The nano in nanotechnology has its roots in ancient Greek word “nanos” which means “dwarf”. Today nano is used as prefix which indicates “billionth” or a factor of 10-9. Coupling the word nano with the unit meter gives us nanometer which indicates a unit of spatial measurement that is one billionth of a meter. With this in mind, nanotechnology is defined as science, engineering, and technology conducted at the scale that range between 1 and 100nm.
On Dec. 29, 1959, at Caltech or California Institute of Technology, Noble Laureate Richard P. Feynman gave a talk at the annual meeting of the American Physical Society that has become one of the twentieth century's classic science lectures titled „There's Plenty of Room at the Bottom“. In this lecture R. Feynman one of great minds of twentieth century presented a technological vision of extreme miniaturization several years before the world chip became part of the electronics. He had also talked about the problem of manipulating and controlling things at small scale. The general idea of this lecture was to build nano objects atom by atom or molecule by molecule.
Figure 1 - Richard P. Feynamn



In this lecture R. Feynman said: “…I am not afraid to consider the final question as to whether, ultimately-in the great future-we can arrange the atoms the way we want; the very atoms, all the way down! What would happen if we could arrange the atoms one by one the way we want them...“


How to get to nanometer size?


Let’s get a better perspective of a nanometer scale. If we have a meter and divide it into 100 equal pieces, each piece would be one centimeter in size. This is the size of pinky finger or sugar cube. If we cut up centimeter into ten equal pieces, each piece would be one millimeter. Just to get better perspective thinnest phones today are between 4 and 5 mm. Objects that are small as a millimeter can be seen with the naked eye, but when object dimensions fall below a millimeter, they can be hard to see.
If you cut millimeter into one thousand equal pieces, each piece would be a micrometer long. Micrometer is equal to one millionth of a meter. The diameter of hair is a about forty to fifty micrometers wide. Red blood cells are six to ten micrometers in diameter. Many types of bacteria typically measure five to twenty micrometers. Things on this scale usually can’t be seen with our eyes but rather can be visualized with magnifying glass or light microscope.
If we cut a micrometer up into one thousand equal pieces, each piece would be a nanometer long. In other words, a nanometer is equal to one-billionth of a meter. When things are this small, we can’t observe them with our eyes or a light microscope. Objects this small require a special tool for imaging. Things of nanometer scale include: viruses (30 – 50 nm), DNA (2 nm), buck balls (1 nm in diameter) and carbon nanotubes (~1 nm in diameter). Atoms are smaller than a nanometer. One atom measures ~0.1 to 0.3 nm, depending on the element type.
The following video gives good explanation of what does word nano mean?

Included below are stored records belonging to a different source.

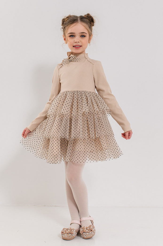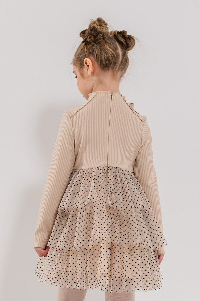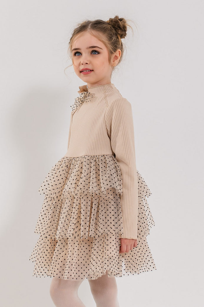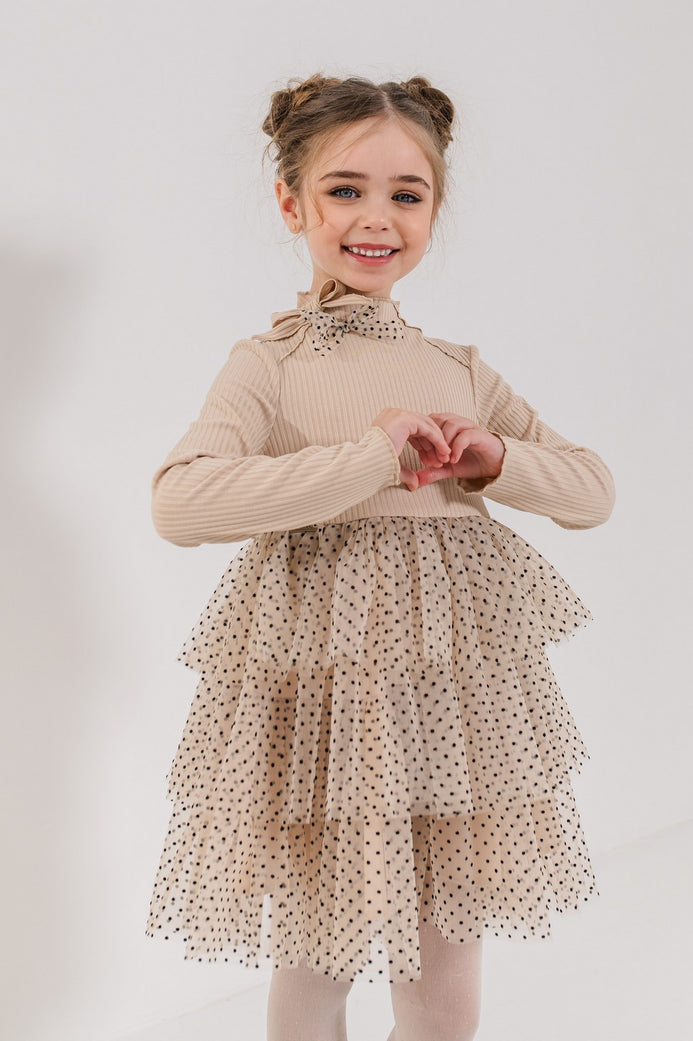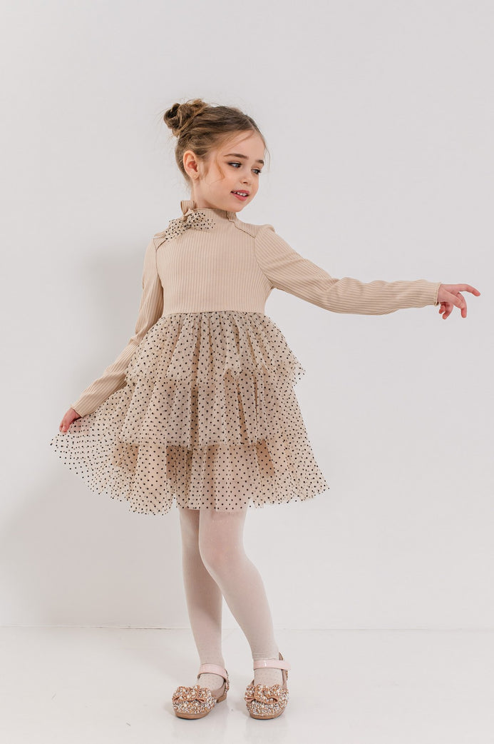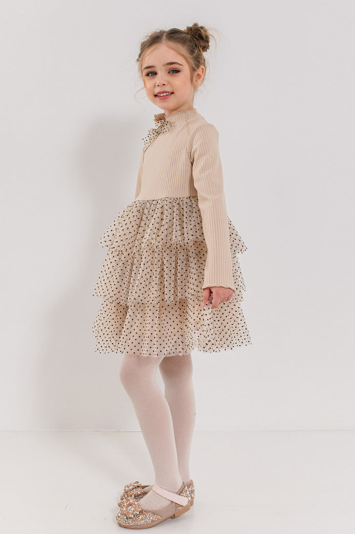 VARVARA - Rochita eleganta din bumbac si volane din tulle cu buline, bej
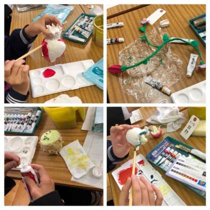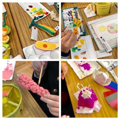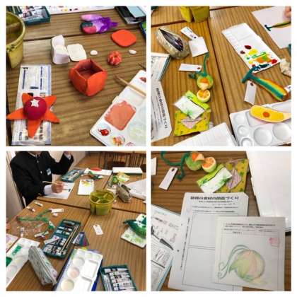 おいしそうで魅力的な色と形に工夫して「新種の食材」について創作画を描き、その絵を元に紙粘土で制作していました。生徒の独創的な発想がとても興味深いです。完成した作品をまた見せてくださいね。
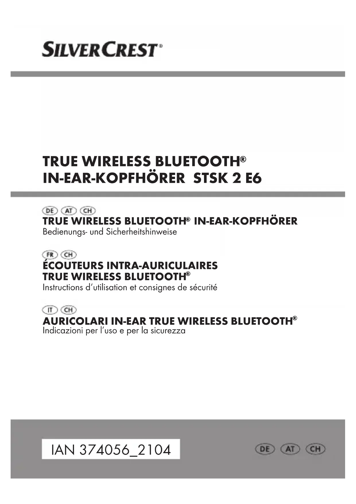 sont des marques déposées de Bluetooth SIG, Inc. et toute utilisation de ces marques par OWIM GmbH & Co. KG est sous licence. «Qi» et le logo Qi sont des marques déposées de Wireless Power Consortium (WPC). La marque et le nom commercial SilverCrest constituent la propriété de leurs propriétaires respectifs. Tous les autres noms ou produits peuvent être des marques ou des marques déposées par leurs propriétaires respectifs. Contenu de l'emballage Après l'ouverture du produit, vérifiez l'exhaustivité de la livraison et si toutes les pièces sont en parfait état. Enlevez tous les matériaux d'emballage avant l'utilisation.56 FR/CH Si vous deviez constater des dégâts ou des pièces manquantes, contactez le revendeur auprès duquel vous avez acheté ce produit. 2x Écouteurs (1 gauche et 1 droit) 1x Boîte de recharge/rangement 1x Câble USB (typeA vers typeC) 2x Coussinets d'oreilles– grands 2x Coussinets d'oreilles– moyens (pré-installés) 2x Coussinets d'oreilles– petits 1x Notice de démarrage rapide 1x Mode d'emploi Vous avez besoin D'une source de tension USB (tension de sortie 5V, courant de sortie minimum 400 mA) ou d'un chargeur compatible Qi avec une puissance de sortie d'au moins 2,5W, et d'un Appareil de lecture compatible Bluetooth ®57FR/CH Description des pièces Avant de lire, dépliez la page des illustrations et familiarisez-vous avec toutes les fonctionnalités du produit. [1] Écouteurs (1 gauche et 1 droit) [2] LED [3] Touche multifonction (touche MF) [4] Capteur optique [5] Microphone [6] Contacts de charge [7] Boîte de recharge/rangement [8] Ports de recharge [9] Voyant du niveau de charge [] Prise de recharge USBC [] Coussinet d'oreille – grand [] Coussinet d'oreille– moyen [] Coussinet d'oreille – petit [] Câble USB (type A vers C) [] Zone de réception Qi [] Mode d'emploi [] Notice de démarrage rapide58 FR/CH Données techniques Boîte de recharge/rangement Tension d'entrée USB-C USB 5 V Courant d'entrée USB-C 400 mA Tension d'entrée sans fil Qi 5 V Puissance de chargement sans fil 2,5 W Distance de chargement sans fil jusqu'au chargeur Qi ≤5 mm Plage de fréquence 128‒181 kHz Puissance radiofréquence maximale transmise (champH) –13,42dBµA/m à une distance de 10 m Accu Li-Ion polymère, 3,7 V, 400 mAh, 1,48 Wh Capacité de charge Jusqu'à 4cycles de recharge complets pour des écouteurs complètement déchargés Durée de recharge de l'accu intégré dans le boîtier de charge/rangement env.3 heures (cycle de chargement complet)59FR/CH Écouteurs Standard wireless Bluetooth
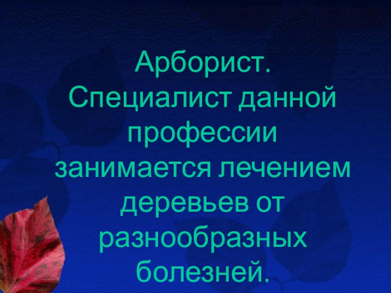 Слайд 8Арборист. Специалист данной профессии занимается лечением деревьев от разнообразных болезней.

Good example of miniaturization are cellphones. If we look back to year 1985 when cellphones where about the size of walkie-talkie the miniaturization process change the size and performance of these devices. Today phones or smartphones are computers that fit in your hand and are incomparable to performance of 80s computers and cellphones. They are not just computers, but they are also GPS, radio and a lifeline to the internet and can fit in our pocket.
Figure 2 - Mobile phone (Vodafone VT1) in 1985

Figure 3 - Samsung Galaxy S5 in 2015

So with help of nanotechnology, mobile phones will become more flexible, become water resistant (some of them already are), in-built projectors, 3D screens and more. Generally they will evolve in terms of performance and features.  For future of mobile phone watch the following video.

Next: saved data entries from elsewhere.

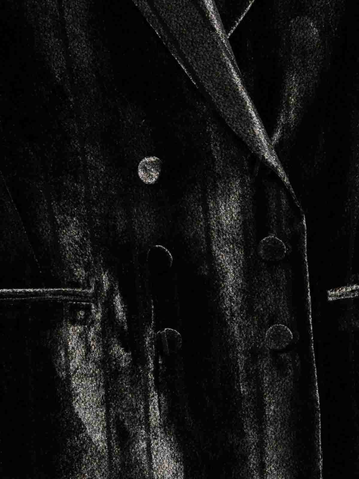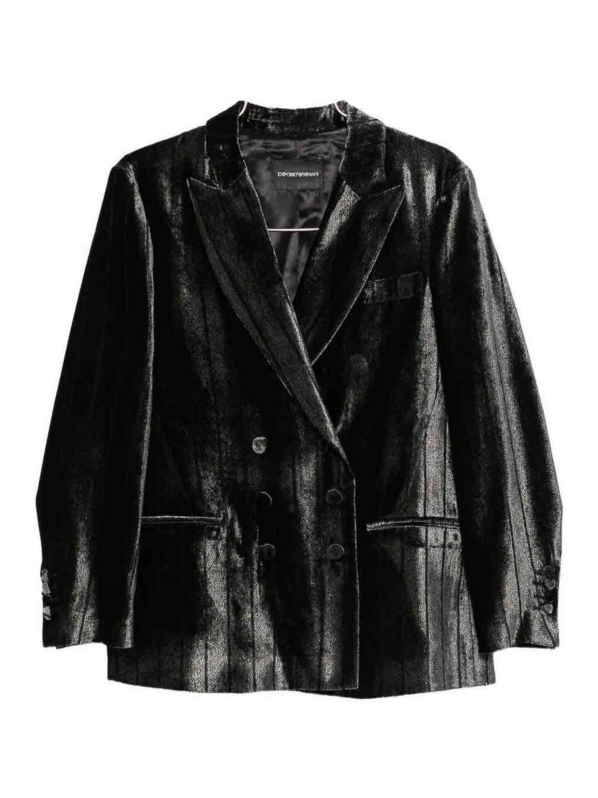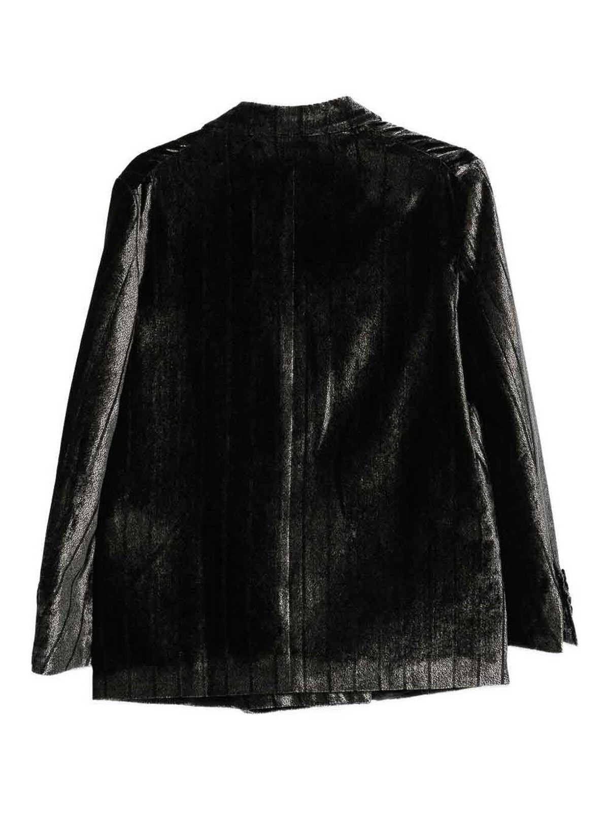 Black pinstripe pattern double-breasted button fastening notched lapels flap pockets
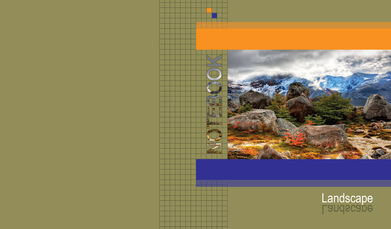 1. Poppy field landscape at sunset on khaki green backdrop 2. Green field landscape with tree at sunset with khaki green background 3. Boulders against a mountain range in a shroud of clouds against a khaki backdrop 4. Rocky mountain stream surrounded by a red-bush rocks against a khaki backdrop
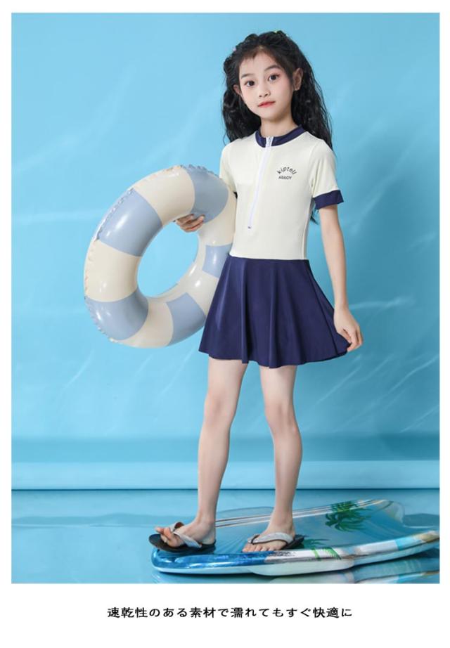 水着 キッズ 子供水着 半袖 女の子 フロントジッパー インナーパンツ付き スイムウェア シンプル かわいい ワンピース水着 着脱簡単 スイミング スクール用 ジュニア ガールズ 女児 小学生
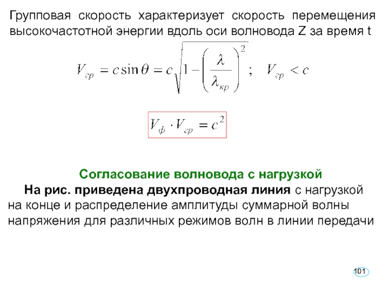 Слайд 101Групповая скорость характеризует скорость перемещения высокочастотной энергии вдоль оси волновода
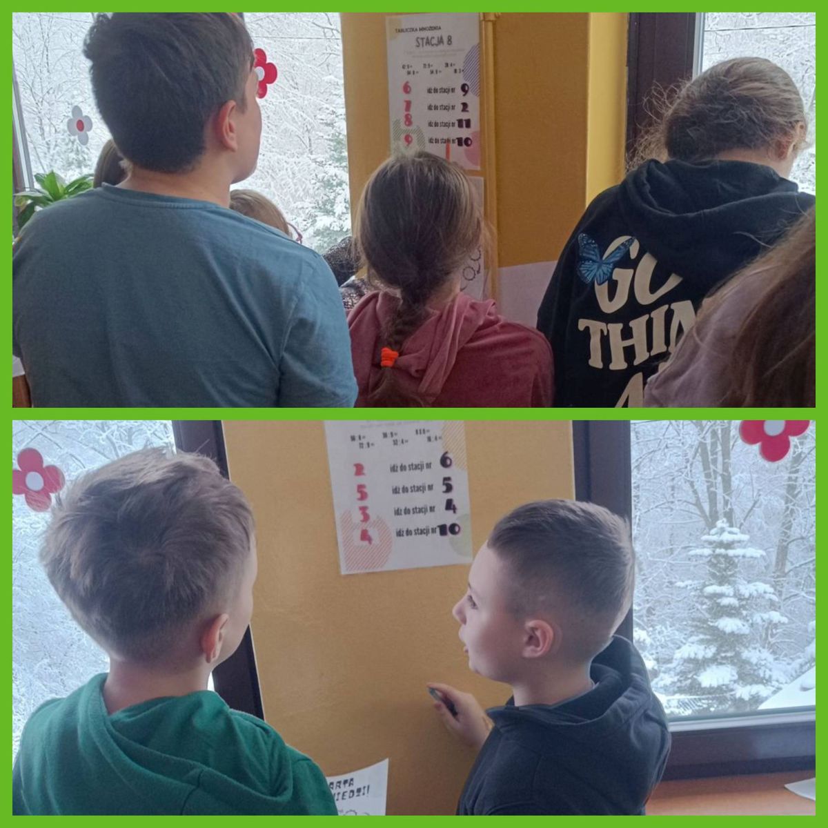 W dniu obchodów na korytarzach szkolnych pojawiły się stacje zadaniowe, które wymagały od uczniów skupienia i logicznego myślenia. Każdy chętny uczestnik otrzymywał specjalnie przygotowaną kartę, na której zaznaczał kolejne wykonane zadania. Po ukończeniu wszystkich stacji karty były wrzucane do oznaczonego pudełka. Stacje miały na celu wyłonienie Mistrza Tabliczki Mnożenia. Jeśli w danej klasie kilka osób uzyskało taką samą liczbę punktów, organizowana była dogrywka, polegająca na jak najszybszym udzieleniu poprawnych odpowiedzi z tabliczki mnożenia.
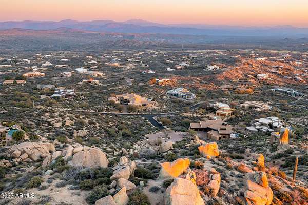 Est $10,728/moViews! Views! Views! This 70,516 S.Q F.T home site, with elevation of 3,700 and building envelope of 20,913, offers panoramic views from North East to South of the entire Mazatzal, Superstition and McDowell mountain range. The South North views are dramatic with rock out cropping and the well known landmark Apache Peak. Enjoy incredible sunrises in the morning and twinkling lights from the valley at night.
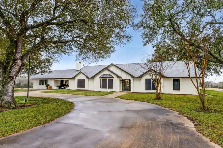 Looking for a getaway from the city? Look no further, this homesite sits on almost 48-acres in the city limits of Industry with an AG EXEMPTION! The main home is a beautiful 3/3 home with two living rooms, formal, casual and outdoor dining areas. It was just remodeled in August 2021. All new plumbing, leveling, paint, floors, and water heaters. Washer, dryer and refrigerator in kitchen all convey! Oversized utility room and garage. 25x25 party room with lots of parking space. Multiple outdoor sitting areas, each with different views. Guest house with open floor plan 1/1. 24 ft pool with deck. Plenty space for storage in the 2 storage buildings. Barn with steel cattle pens with irrigation well.

Nanotechnology, in one sense, is the natural continuation of the revolution that we have witnessed over the last decade, in which millionth of a meter electronics (micro-electronics) have become commonplace, enabling the construction of higher quality materials and devices, and allowing the localization of multiple applications on equivalent or even smaller areas.
So far, the miniaturization ability of microelectronics has allowed the integration or placement of thousands of chips into areas no larger than those used previously. Further miniaturization with the help of nano-technology would allow the placement of millions of currently available electronic devices over an area with dimensions in the millimeters. In another pertinent example, a team from the Technion leveraged the power of nanotechnology to engrave the content of the Old Testament on a piece of silicon smaller than 1 mm x 1 mm.

Surface to volume ratio


Surface area to volume ratio increases with the decrease in the characteristic dimensions of a material and vice versa. As material size decreases, a greater portion of the atoms are found at the surface compared to those inside. Because growth and catalytic chemical reactions occur at material surfaces, a given mass of nanomaterial will be much more reactive than the same mass of material made up of larger particles. Experiments showed that some of materials that are inert in their bulk form are reactive when produced in a nanoscale form.
A silicon cube with a characteristic size of 10nm has about 6250 unit cells. The size of the silicon unit cell is 0.543 nm. How many of them fit in cube?

$$\begin{align} & V={{\left( 10\text{ nm} \right)}^{3}}=1\cdot {{10}^{-24}}{{\text{m}}^{\text{3}}} \\ & {{V}_{uc}}={{\left( 0.543\text{ nm} \right)}^{3}}=1.60103\cdot {{10}^{-28}}{{\text{m}}^{\text{3}}} \\ & \underline{{{\text{n}}_{uc}}=8\text{ }} \\ & \rho =\frac{{{n}_{uc}}}{{{V}_{uc}}}=\frac{8}{1.60103\cdot {{10}^{-28}}}=4.99678\cdot {{10}^{28}}\text{atoms/}{{\text{m}}^{\text{3}}} \\ & n=\rho {{V}_{uc}}=4.99678\cdot {{10}^{28}}\cdot 1\cdot {{10}^{-24}}=49967.8 \\ & n\approx 50000 \\ \end{align}$$


So there are 50000 atoms in silicon cube of 10 nm size. The number of unit cells on each face is around 350 there is about 680 atoms on each surface of the nanocube giving total of 4100 atoms on all nanocube faces. When this number is compared to total number of atoms in nanocube brings us to conclusion that approximately 10 % of the atoms in the nanocube are located on the surface. If we analyze the piece of silicon that is 10 cm2 and 1 µm in thickness this leads to the conclusion that only 0.03 % of the silicon atoms in the structure are available on the surface.
Therefore, nanomaterials have a much greater surface area per unit volume compared with larger particles. This leads to nanoparticles that are more chemically reactive, because molecules at the surface of a material do not have full allocation of covalent bonds and are in an energetically unstable state. Since many more molecules located at the surface are in energetically unstable states, nanomaterials are more reactive compared to the non-nanoscale material. With the high reactivity, almost all types of nanomaterials are capable of catalyzing reactions and free nanomaterials tend to agglomerate into bigger particles.

Owing to the specific physiochemical properties of nanoparticles, they are expected to interact with substances such as proteins, lipids, carbohydrates, nucleic acids, ions, minerals and water present in food, biological, or desalination processes. Other potential applications for this reactivity are drug delivery, clothing insulation, and more.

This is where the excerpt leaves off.